**What to work on**
Omit every picture and write out the rest of the records exactly.

Saved entries:
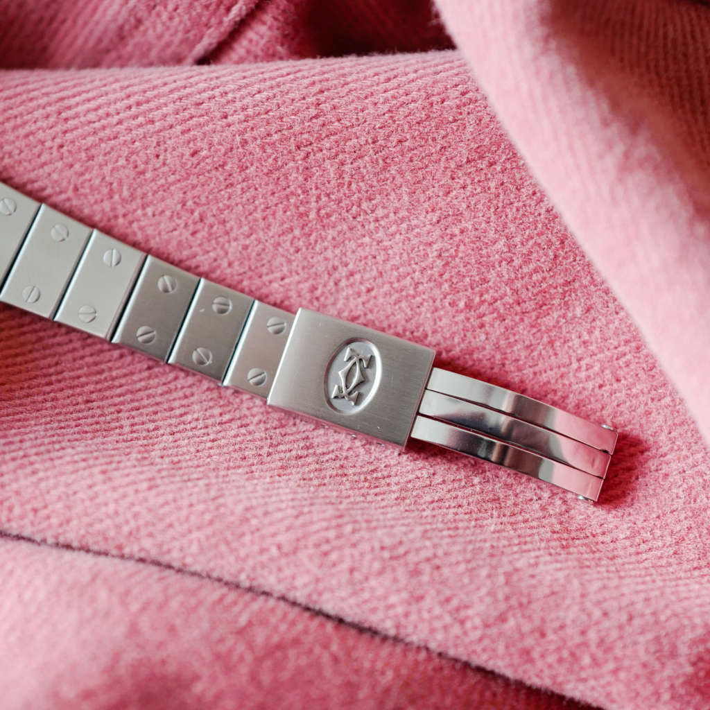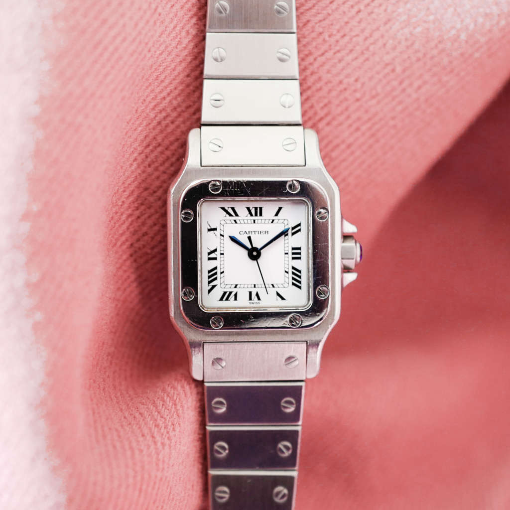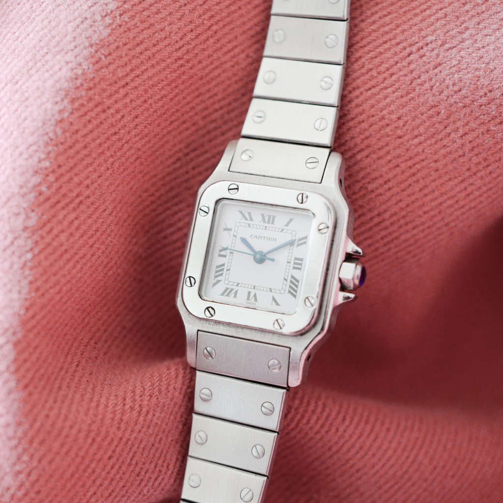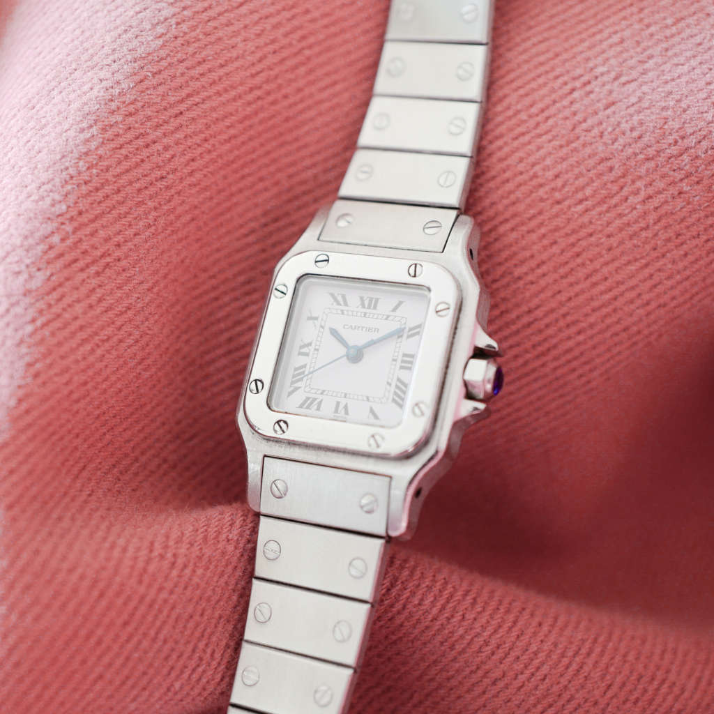 - Il s’agit de l’emblématique modèle Cartier Santos interprété pour habiller les poignets féminins.
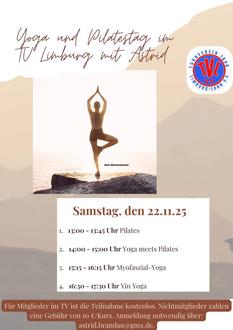 Am Samstag, dem 22.11.2025, von 13:00 Uhr bis 17:30 Uhr, bietet der Turnverein Limburg wieder einen Yoga- und Pilatestag für Jedermann an.
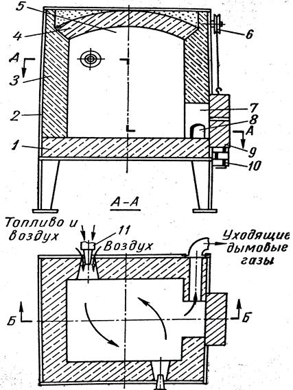 Рис. 7. Схема устройства камерной печи: 1 – под; 2 –металлический каркас; 3 – стены; 4 – свод; 5 – рабочее пространство печи; 6 – блок; 7 – окно загрузки, выгрузки; 8 – канал; 9 – чугунная заслонка; 10 – противовес; 11– горелка
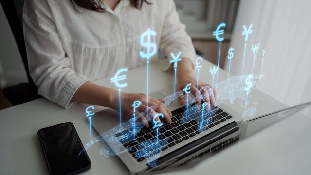 Digital finance and currency exchange concept on laptop
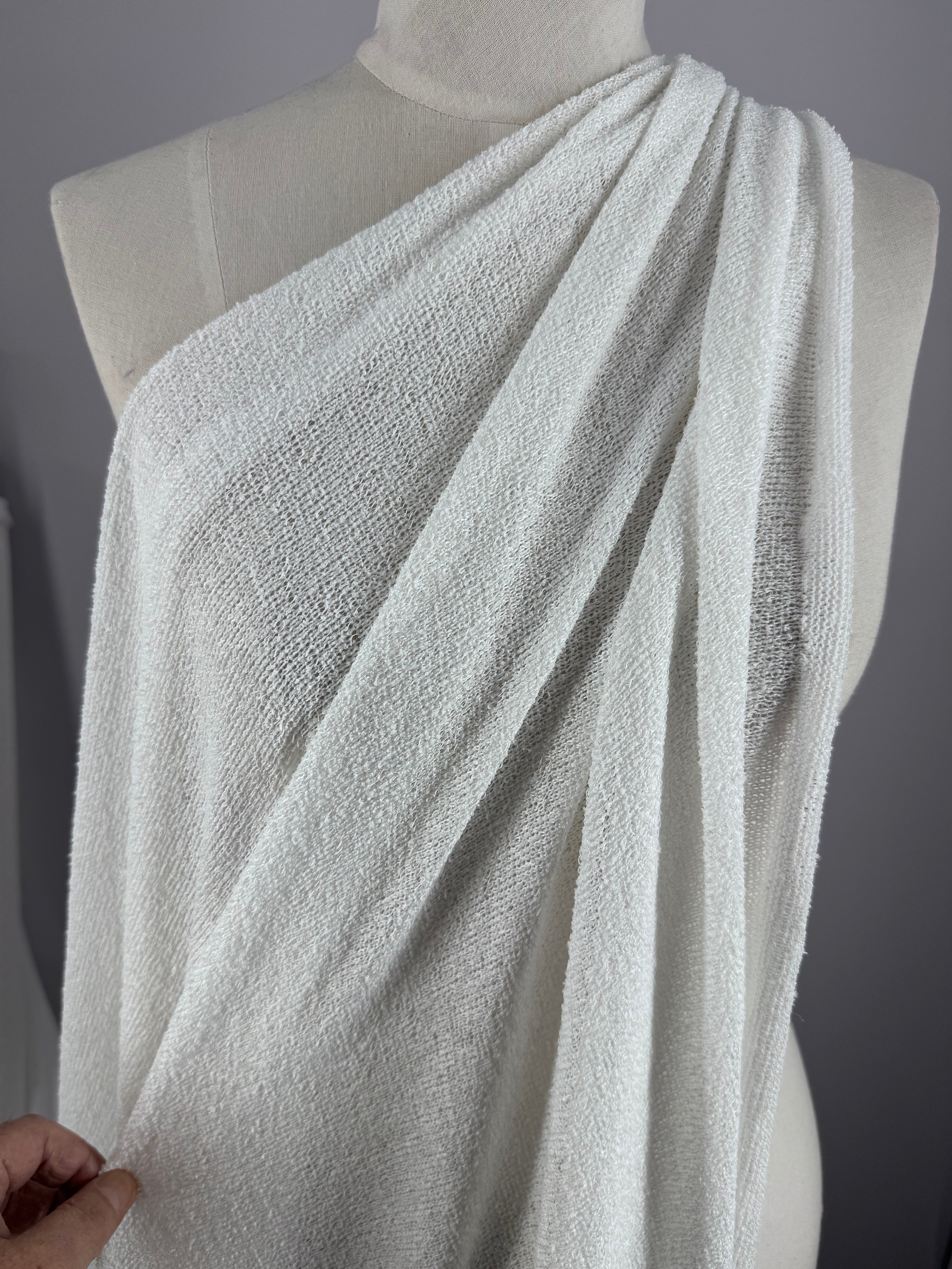 A delicate lace with a gorgeous White colour, stretchy and boasts a beautiful drape. Perfect for beach cover and any style tops or dresses.

**Response for this exercise**
 - Il s’agit de l’emblématique modèle Cartier Santos interprété pour habiller les poignets féminins.
 Am Samstag, dem 22.11.2025, von 13:00 Uhr bis 17:30 Uhr, bietet der Turnverein Limburg wieder einen Yoga- und Pilatestag für Jedermann an.
 Рис. 7. Схема устройства камерной печи: 1 – под; 2 –металлический каркас; 3 – стены; 4 – свод; 5 – рабочее пространство печи; 6 – блок; 7 – окно загрузки, выгрузки; 8 – канал; 9 – чугунная заслонка; 10 – противовес; 11– горелка
 Digital finance and currency exchange concept on laptop
 A delicate lace with a gorgeous White colour, stretchy and boasts a beautiful drape. Perfect for beach cover and any style tops or dresses.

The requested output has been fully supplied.